6 is a cross-sectional view illustrating a varistor module according to an embodiment of the present invention.

DETAILED DESCRIPTION OF THE PREFERRED EMBODIMENTS Hereinafter, preferred embodiments of the present invention will be described in detail with reference to the accompanying drawings in order to facilitate a person skilled in the art to easily carry out the technical idea of the present invention. . In the drawings, the same reference numerals are used to designate the same or similar components throughout the drawings. In the following description of the present invention, a detailed description of known functions and configurations incorporated herein will be omitted when it may make the subject matter of the present invention rather unclear.
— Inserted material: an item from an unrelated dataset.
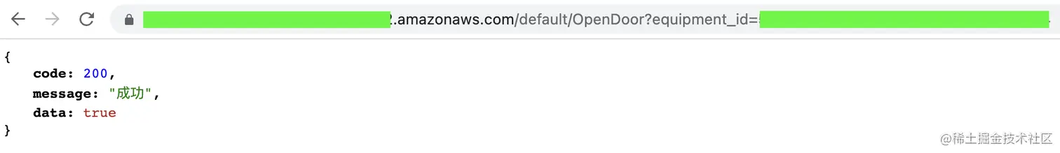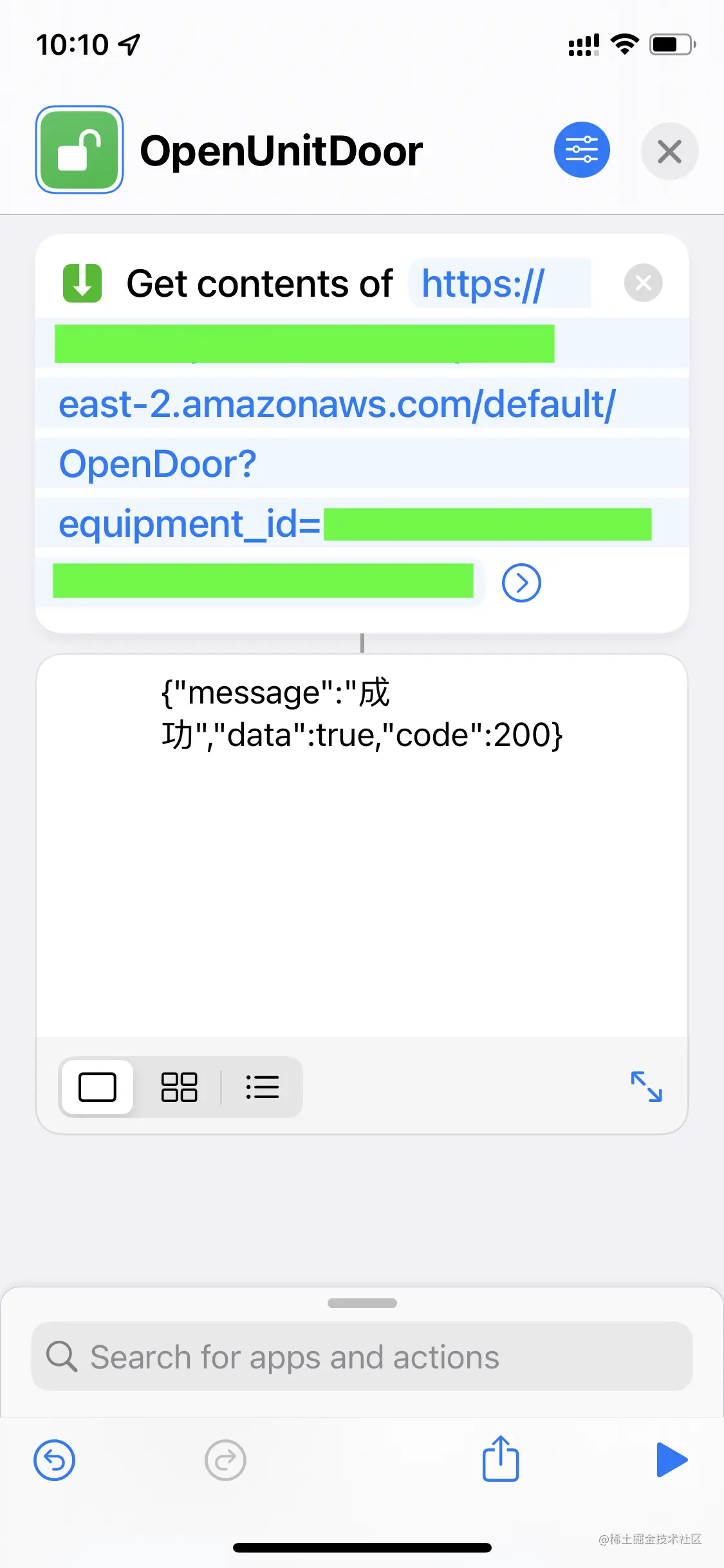 打开iOS捷径App,创建一个新捷径,搜索Get contents of这个动作,填入Lambda函数的URL和门的ID。由于API Gateway并没有配置认证,所以其他参数默认即可。如果有安全方面的顾虑,可以自己实现一个简单的Token认证或添加Lambda提供的JWT认证。点击执行,接口返回成功,证明整个流程已经跑通,以后就可以用这个捷径给自己和外卖小哥开门了。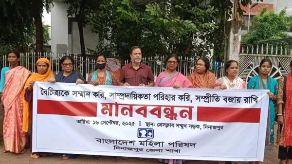 মো সালাম রাব্বানী স্টাফ রিপোর্টার,দিনাজপুর আসন্ন শারদীয় দুর্গোৎসবকে সামনে রেখে সাম্প্রদায়িক সম্প্রীতির বন্ধন আরও দৃঢ় করার আহ্বান জানিয়ে মানববন্ধন কর্মসূচি পালন করেছে বাংলাদেশ মহিলা পরিষদ দিনাজপুর জেলা শাখা। মঙ্গলবার (১৬

Hereinafter, a varistor module according to an embodiment of the present invention will be described in detail with reference to the accompanying drawings. 1 is a view for explaining a varistor module according to an embodiment of the present invention. FIG. 2 is a view for explaining a varistor element of FIG. 1, FIG. 3 is a view for explaining a fuse pattern of FIG. 1, FIG. 4 is a view for explaining a second external terminal of FIG. 1, 3 is a view for explaining the third external terminal of Fig. 1; Fig. 6 is a cross-sectional view of a varistor module according to an embodiment of the present invention.

1, the varistor module 100 includes a varistor element 110, a first insulating body 120, a fuse pattern 130, a second insulating body 140, a first insulating terminal 150, The first external terminal 170, the second external terminal 180, the third external terminal 190 and the fourth external terminal 200 as shown in FIG.

As shown in FIG. 2, the varistor element 110 is formed by stacking a plurality of varistor sheets 111. That is, the varistor element 110 is formed by stacking a plurality of varistor sheets 111 made of a material such as zinc oxide (Zn-O).

The varistor element 110 is formed by alternately stacking a varistor sheet 111 on which a first electrode pattern 113 is formed and a varistor sheet 111 on which a second electrode pattern 117 is formed. The first electrode pattern 113 is formed in a predetermined shape (for example, a quadrangle), and a first protrusion 115 extending from one side (or one side) and connected to the second external terminal 180 is formed do. The second electrode pattern 117 is formed in a predetermined shape (for example, a quadrangle), and a second protrusion 119 extending from the other side (or another side) is formed to be connected to the third external terminal 190. As the varistor sheet 111 is stacked, the first electrode pattern 113 and the second electrode pattern 117 are alternately stacked in the varistor body 110 and are overlapped with each other at a predetermined interval. At least one varistor sheet 111 having no first electrode pattern 113 and second electrode pattern 117 may be stacked on the uppermost layer and the lowermost layer of the varistor element 110.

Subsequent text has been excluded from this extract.